▶ [Exercise instructions]:
Write out the data that follows exactly, keeping every picture out.

▶ [Data excerpt]:
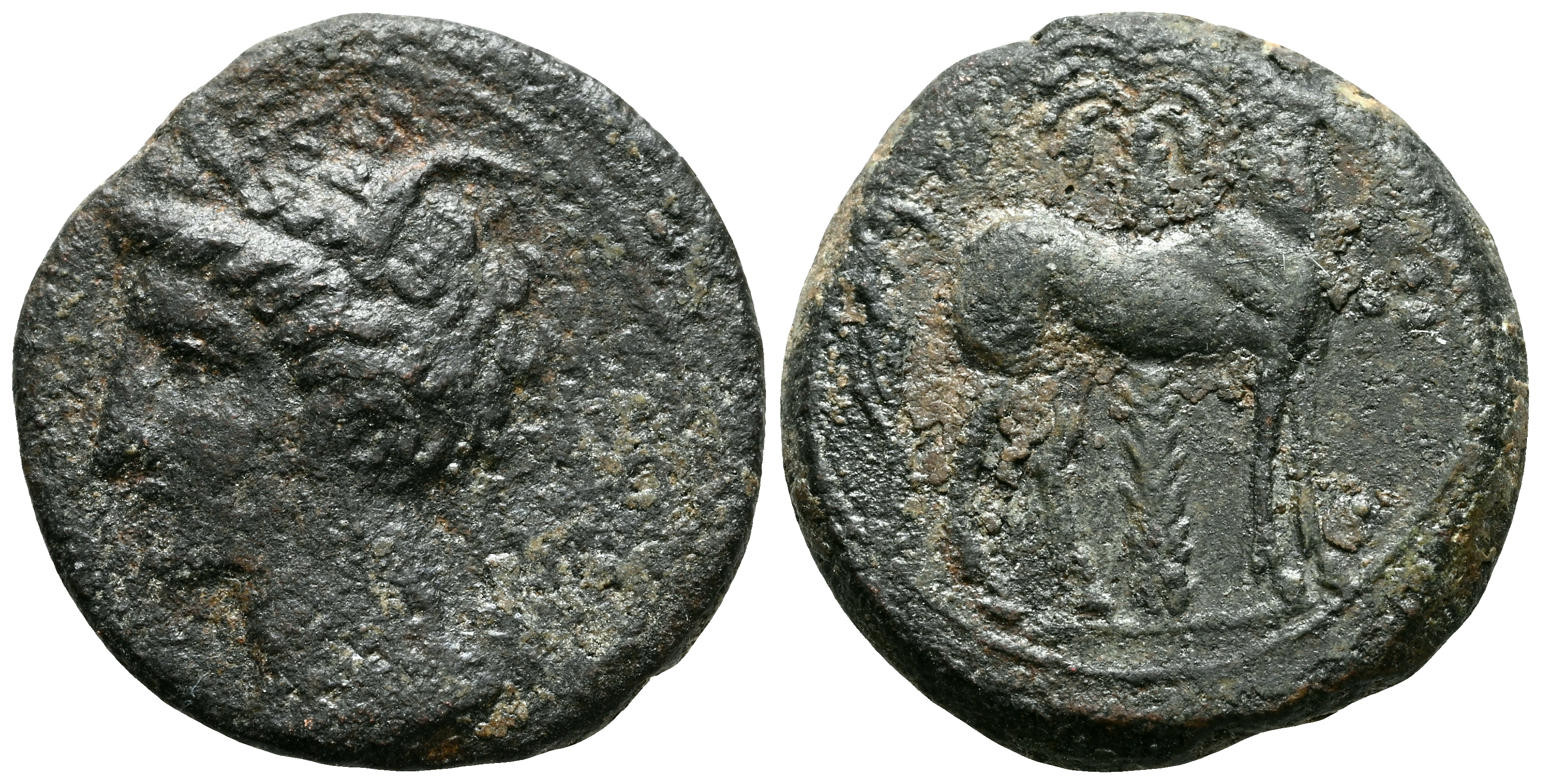 CARTAGONOVA (Cartagena, Murcia). 1/2 Calco. (Ae. 2,88g/16mm). 220-215 a.C. (FAB-507). Anv: Cabeza de Tanit a izquierda. Rev: Caballo parado a derecha, detrás palmera. MBC.
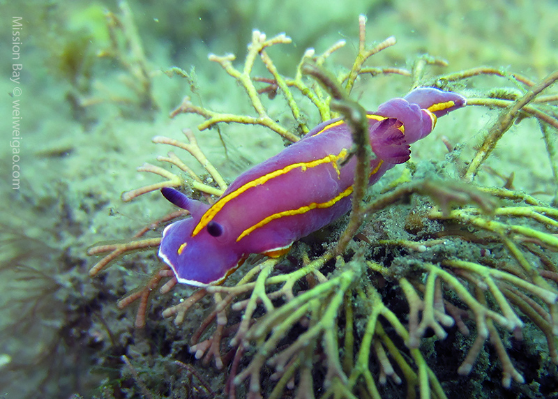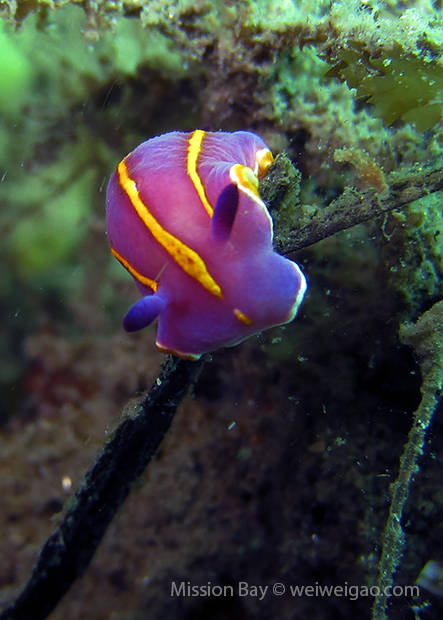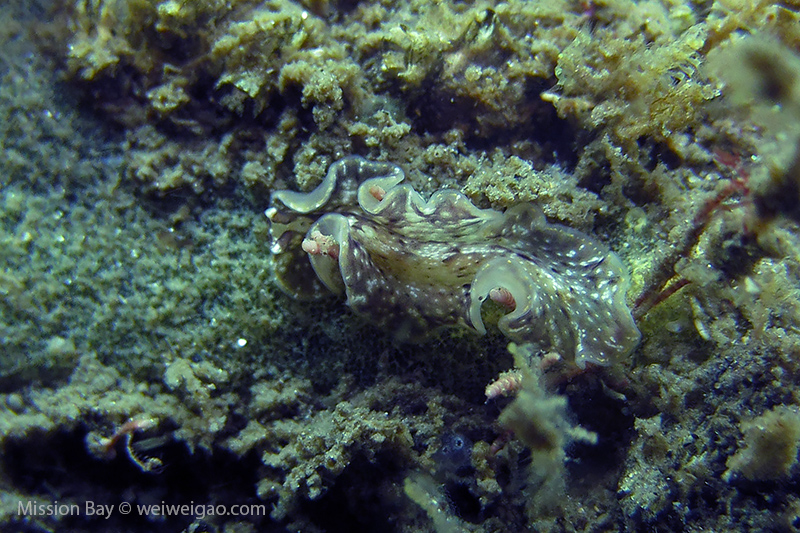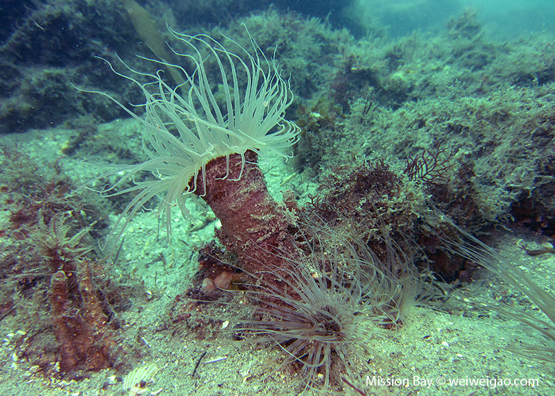 To avoid the weekend crowd, Mike and I headed out to Mission Bay today. I was quite excited because it’s been a while since last time I dove here. In the early morning, the small beach at Mission Point was quiet. The bay was lake-like.
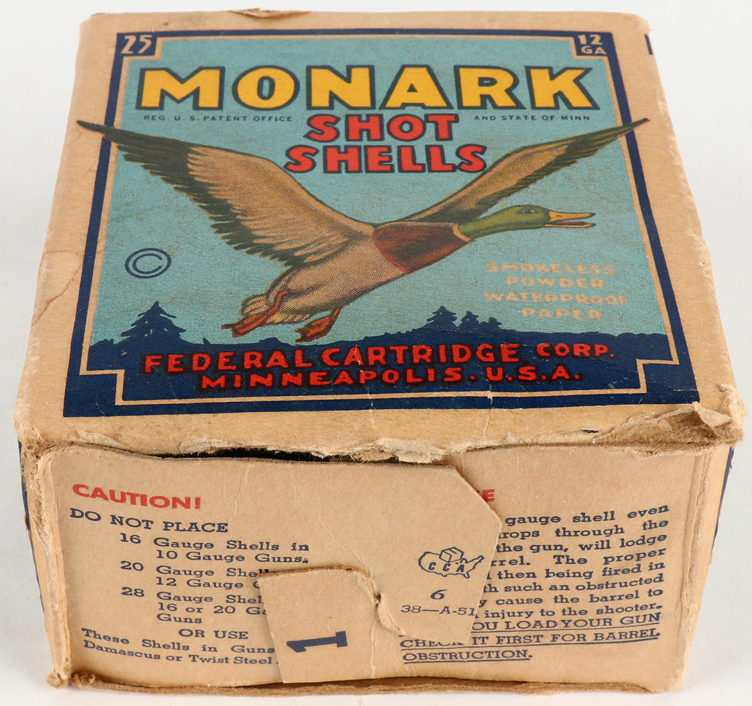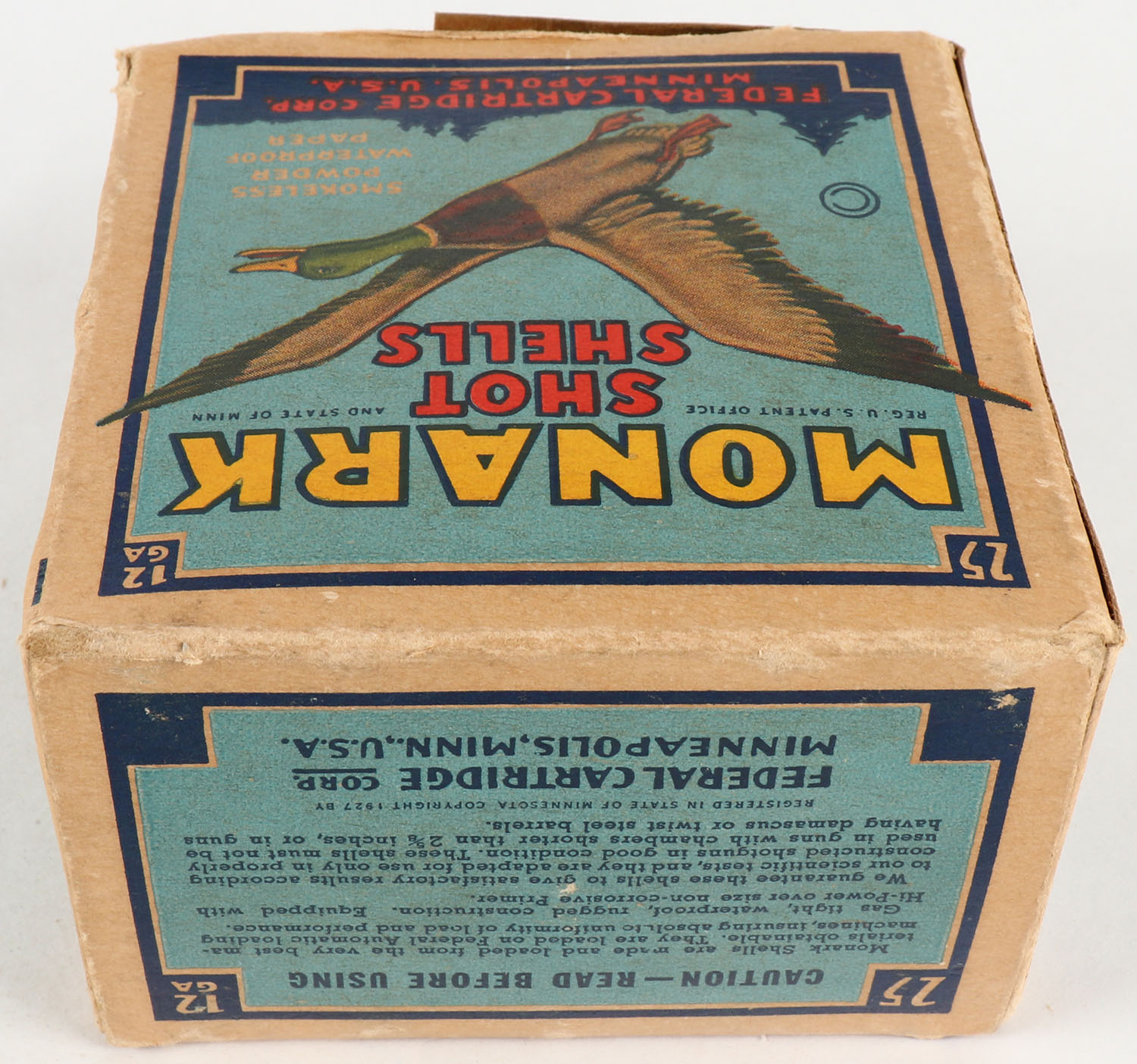Federal Cart. Co., MONARK, 12ga., 1pc., Partial 24rds., shot size 9 Skeet Load, Blue border, blue, yellow and red box with flying mallard, box has age soiling with a missing bottom flap, paper shells are excellent. Grade: Very Good - Value: 10 to 40

▶ [Solution to the problem]:
 CARTAGONOVA (Cartagena, Murcia). 1/2 Calco. (Ae. 2,88g/16mm). 220-215 a.C. (FAB-507). Anv: Cabeza de Tanit a izquierda. Rev: Caballo parado a derecha, detrás palmera. MBC.
 To avoid the weekend crowd, Mike and I headed out to Mission Bay today. I was quite excited because it’s been a while since last time I dove here. In the early morning, the small beach at Mission Point was quiet. The bay was lake-like.
Federal Cart. Co., MONARK, 12ga., 1pc., Partial 24rds., shot size 9 Skeet Load, Blue border, blue, yellow and red box with flying mallard, box has age soiling with a missing bottom flap, paper shells are excellent. Grade: Very Good - Value: 10 to 40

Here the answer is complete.